[Start of Attachment]

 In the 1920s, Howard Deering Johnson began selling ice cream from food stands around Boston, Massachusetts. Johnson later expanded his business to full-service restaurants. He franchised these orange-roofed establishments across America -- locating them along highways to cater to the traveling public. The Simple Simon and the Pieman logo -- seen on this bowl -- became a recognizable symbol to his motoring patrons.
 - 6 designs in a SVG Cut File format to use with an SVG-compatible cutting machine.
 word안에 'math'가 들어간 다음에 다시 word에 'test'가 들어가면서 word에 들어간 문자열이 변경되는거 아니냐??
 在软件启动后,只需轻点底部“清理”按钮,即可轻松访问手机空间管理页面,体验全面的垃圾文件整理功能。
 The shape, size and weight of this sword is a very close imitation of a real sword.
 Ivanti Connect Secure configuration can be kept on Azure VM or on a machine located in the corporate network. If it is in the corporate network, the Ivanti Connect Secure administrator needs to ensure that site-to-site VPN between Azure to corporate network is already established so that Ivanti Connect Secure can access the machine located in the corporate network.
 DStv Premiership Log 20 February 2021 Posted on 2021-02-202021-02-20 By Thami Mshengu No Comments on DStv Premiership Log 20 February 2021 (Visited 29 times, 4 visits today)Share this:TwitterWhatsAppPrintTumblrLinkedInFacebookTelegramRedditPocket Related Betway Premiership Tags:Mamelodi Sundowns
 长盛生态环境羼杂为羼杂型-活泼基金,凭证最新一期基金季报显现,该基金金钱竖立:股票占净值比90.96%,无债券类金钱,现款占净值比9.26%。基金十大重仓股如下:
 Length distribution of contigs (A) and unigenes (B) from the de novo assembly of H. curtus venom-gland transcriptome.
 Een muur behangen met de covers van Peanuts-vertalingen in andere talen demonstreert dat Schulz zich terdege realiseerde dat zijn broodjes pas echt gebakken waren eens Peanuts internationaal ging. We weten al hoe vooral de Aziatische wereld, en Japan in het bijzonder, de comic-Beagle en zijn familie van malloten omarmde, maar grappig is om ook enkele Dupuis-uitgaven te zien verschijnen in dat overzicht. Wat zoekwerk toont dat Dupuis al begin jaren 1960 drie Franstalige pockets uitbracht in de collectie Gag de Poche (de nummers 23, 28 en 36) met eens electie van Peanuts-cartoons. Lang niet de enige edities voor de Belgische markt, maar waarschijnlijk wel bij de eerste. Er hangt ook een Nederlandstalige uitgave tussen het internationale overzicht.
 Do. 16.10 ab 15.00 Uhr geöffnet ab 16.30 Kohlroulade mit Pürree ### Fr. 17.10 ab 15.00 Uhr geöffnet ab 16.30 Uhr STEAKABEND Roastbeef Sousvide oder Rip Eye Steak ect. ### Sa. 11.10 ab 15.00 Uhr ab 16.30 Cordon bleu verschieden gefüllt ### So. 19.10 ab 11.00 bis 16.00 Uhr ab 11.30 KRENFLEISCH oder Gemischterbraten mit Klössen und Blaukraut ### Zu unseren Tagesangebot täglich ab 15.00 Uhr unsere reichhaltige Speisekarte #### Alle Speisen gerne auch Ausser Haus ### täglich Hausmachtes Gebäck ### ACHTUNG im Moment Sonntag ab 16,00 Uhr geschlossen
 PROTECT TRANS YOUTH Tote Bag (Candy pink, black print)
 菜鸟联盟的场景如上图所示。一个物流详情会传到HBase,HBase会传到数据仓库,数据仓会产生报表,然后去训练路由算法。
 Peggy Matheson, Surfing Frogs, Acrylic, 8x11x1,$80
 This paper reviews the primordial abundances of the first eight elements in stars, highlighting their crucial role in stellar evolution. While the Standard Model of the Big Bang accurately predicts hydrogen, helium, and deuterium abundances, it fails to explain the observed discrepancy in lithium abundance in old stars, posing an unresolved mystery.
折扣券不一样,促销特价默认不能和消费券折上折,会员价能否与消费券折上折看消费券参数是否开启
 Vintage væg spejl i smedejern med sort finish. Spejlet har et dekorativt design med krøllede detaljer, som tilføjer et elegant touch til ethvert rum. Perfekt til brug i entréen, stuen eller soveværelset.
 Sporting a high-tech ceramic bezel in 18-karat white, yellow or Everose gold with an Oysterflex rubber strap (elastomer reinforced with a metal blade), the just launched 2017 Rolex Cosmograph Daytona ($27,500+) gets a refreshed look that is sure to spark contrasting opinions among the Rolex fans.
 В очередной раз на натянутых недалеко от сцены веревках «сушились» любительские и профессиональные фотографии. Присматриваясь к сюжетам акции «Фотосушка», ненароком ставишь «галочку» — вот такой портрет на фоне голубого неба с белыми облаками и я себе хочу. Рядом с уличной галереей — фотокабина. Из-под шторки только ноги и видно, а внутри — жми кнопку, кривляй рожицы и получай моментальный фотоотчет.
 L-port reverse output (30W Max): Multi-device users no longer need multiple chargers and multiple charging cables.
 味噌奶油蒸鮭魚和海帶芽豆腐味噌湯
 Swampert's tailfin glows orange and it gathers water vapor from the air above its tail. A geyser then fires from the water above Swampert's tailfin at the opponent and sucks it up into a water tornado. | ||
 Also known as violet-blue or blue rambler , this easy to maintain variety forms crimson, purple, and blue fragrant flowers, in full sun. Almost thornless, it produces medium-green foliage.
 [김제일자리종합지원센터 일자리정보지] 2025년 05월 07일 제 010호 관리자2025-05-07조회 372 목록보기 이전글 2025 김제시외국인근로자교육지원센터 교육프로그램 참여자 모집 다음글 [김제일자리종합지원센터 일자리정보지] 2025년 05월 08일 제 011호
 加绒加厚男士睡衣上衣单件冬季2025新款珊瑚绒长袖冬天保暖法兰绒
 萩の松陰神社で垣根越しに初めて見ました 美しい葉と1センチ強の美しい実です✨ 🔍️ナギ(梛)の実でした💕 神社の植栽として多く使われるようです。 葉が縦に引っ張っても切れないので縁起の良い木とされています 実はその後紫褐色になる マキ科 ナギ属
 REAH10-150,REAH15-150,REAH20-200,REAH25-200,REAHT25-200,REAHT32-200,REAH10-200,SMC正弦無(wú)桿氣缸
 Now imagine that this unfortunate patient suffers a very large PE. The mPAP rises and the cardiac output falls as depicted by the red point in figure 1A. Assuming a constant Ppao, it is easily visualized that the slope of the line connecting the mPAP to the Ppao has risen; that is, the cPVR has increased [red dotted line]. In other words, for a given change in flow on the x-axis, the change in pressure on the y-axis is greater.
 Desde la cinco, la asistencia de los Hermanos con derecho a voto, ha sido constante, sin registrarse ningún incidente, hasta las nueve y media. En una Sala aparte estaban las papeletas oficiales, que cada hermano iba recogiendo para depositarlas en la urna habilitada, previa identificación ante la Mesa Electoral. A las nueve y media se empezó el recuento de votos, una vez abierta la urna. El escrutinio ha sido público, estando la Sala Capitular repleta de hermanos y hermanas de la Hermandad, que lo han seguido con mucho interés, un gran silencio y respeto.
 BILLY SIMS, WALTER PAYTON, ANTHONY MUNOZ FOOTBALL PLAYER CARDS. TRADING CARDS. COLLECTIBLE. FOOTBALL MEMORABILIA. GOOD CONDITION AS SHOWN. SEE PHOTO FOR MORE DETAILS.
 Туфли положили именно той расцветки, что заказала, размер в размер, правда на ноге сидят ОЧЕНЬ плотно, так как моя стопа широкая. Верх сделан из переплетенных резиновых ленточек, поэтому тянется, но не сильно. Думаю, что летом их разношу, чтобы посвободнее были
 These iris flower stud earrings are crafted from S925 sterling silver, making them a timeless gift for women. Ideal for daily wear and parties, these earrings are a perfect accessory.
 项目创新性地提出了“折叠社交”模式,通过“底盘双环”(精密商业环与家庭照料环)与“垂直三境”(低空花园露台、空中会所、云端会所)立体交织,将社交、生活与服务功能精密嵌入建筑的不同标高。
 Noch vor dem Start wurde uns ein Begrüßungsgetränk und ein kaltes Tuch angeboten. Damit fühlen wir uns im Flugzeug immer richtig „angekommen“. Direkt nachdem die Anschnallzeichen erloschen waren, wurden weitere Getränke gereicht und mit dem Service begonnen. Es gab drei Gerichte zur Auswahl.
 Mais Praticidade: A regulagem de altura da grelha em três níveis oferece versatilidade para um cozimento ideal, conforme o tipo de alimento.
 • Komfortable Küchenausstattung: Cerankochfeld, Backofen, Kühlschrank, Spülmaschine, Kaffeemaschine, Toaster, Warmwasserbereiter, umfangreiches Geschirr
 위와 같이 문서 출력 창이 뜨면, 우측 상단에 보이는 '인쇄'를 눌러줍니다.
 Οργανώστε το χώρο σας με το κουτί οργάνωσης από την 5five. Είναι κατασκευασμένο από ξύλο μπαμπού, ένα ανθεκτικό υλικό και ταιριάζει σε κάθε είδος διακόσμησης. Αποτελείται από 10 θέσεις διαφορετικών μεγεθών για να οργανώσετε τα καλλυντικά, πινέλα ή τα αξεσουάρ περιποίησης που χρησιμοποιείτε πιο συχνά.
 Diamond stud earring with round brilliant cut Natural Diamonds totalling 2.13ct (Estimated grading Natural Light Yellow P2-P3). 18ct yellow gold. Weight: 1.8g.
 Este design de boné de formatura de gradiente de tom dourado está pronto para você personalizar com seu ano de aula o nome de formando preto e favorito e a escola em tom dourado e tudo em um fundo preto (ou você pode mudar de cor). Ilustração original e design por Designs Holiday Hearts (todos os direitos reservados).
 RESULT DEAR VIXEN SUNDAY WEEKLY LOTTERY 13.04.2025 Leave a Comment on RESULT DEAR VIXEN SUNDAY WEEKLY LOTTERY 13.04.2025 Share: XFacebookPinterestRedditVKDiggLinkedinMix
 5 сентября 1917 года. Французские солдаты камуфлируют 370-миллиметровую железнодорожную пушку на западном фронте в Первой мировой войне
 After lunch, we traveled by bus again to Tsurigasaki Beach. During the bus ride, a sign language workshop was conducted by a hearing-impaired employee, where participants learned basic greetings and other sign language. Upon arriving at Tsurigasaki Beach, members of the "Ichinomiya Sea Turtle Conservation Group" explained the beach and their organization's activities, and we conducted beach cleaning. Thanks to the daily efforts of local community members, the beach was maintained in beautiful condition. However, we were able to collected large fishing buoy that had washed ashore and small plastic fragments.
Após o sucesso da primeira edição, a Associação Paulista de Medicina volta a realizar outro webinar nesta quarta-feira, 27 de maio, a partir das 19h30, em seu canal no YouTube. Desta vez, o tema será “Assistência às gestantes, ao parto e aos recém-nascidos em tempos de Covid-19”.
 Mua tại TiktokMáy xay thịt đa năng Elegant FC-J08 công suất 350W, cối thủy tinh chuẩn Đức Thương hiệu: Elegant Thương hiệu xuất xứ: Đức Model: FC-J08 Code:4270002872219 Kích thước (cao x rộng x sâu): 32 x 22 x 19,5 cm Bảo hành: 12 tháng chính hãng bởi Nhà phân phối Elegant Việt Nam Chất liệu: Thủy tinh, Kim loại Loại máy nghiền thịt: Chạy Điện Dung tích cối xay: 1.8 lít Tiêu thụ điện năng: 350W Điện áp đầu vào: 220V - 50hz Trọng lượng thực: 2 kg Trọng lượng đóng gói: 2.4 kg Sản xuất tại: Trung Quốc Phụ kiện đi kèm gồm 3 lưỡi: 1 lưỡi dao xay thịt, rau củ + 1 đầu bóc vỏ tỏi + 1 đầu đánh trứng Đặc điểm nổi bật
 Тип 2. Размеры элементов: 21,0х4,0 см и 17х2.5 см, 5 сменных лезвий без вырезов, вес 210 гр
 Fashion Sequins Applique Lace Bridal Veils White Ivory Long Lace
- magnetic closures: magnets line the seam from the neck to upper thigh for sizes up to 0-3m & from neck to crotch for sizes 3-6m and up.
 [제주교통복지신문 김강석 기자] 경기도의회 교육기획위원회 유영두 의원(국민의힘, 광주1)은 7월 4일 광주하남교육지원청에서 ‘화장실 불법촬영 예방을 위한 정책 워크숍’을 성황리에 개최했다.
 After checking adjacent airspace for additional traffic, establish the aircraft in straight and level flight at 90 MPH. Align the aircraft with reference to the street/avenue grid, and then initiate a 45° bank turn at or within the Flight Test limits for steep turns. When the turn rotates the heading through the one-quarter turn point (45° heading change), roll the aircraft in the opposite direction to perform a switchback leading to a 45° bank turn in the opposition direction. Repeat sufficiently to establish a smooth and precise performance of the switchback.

[End of Attachment]

Exercise requirements:
Give again, word for word, the lines of the listing, starting at its first line and ending with the line containing "Length distribution of".

Task response:
 In the 1920s, Howard Deering Johnson began selling ice cream from food stands around Boston, Massachusetts. Johnson later expanded his business to full-service restaurants. He franchised these orange-roofed establishments across America -- locating them along highways to cater to the traveling public. The Simple Simon and the Pieman logo -- seen on this bowl -- became a recognizable symbol to his motoring patrons.
 - 6 designs in a SVG Cut File format to use with an SVG-compatible cutting machine.
 word안에 'math'가 들어간 다음에 다시 word에 'test'가 들어가면서 word에 들어간 문자열이 변경되는거 아니냐??
 在软件启动后,只需轻点底部“清理”按钮,即可轻松访问手机空间管理页面,体验全面的垃圾文件整理功能。
 The shape, size and weight of this sword is a very close imitation of a real sword.
 Ivanti Connect Secure configuration can be kept on Azure VM or on a machine located in the corporate network. If it is in the corporate network, the Ivanti Connect Secure administrator needs to ensure that site-to-site VPN between Azure to corporate network is already established so that Ivanti Connect Secure can access the machine located in the corporate network.
 DStv Premiership Log 20 February 2021 Posted on 2021-02-202021-02-20 By Thami Mshengu No Comments on DStv Premiership Log 20 February 2021 (Visited 29 times, 4 visits today)Share this:TwitterWhatsAppPrintTumblrLinkedInFacebookTelegramRedditPocket Related Betway Premiership Tags:Mamelodi Sundowns
 长盛生态环境羼杂为羼杂型-活泼基金,凭证最新一期基金季报显现,该基金金钱竖立:股票占净值比90.96%,无债券类金钱,现款占净值比9.26%。基金十大重仓股如下:
 Length distribution of contigs (A) and unigenes (B) from the de novo assembly of H. curtus venom-gland transcriptome.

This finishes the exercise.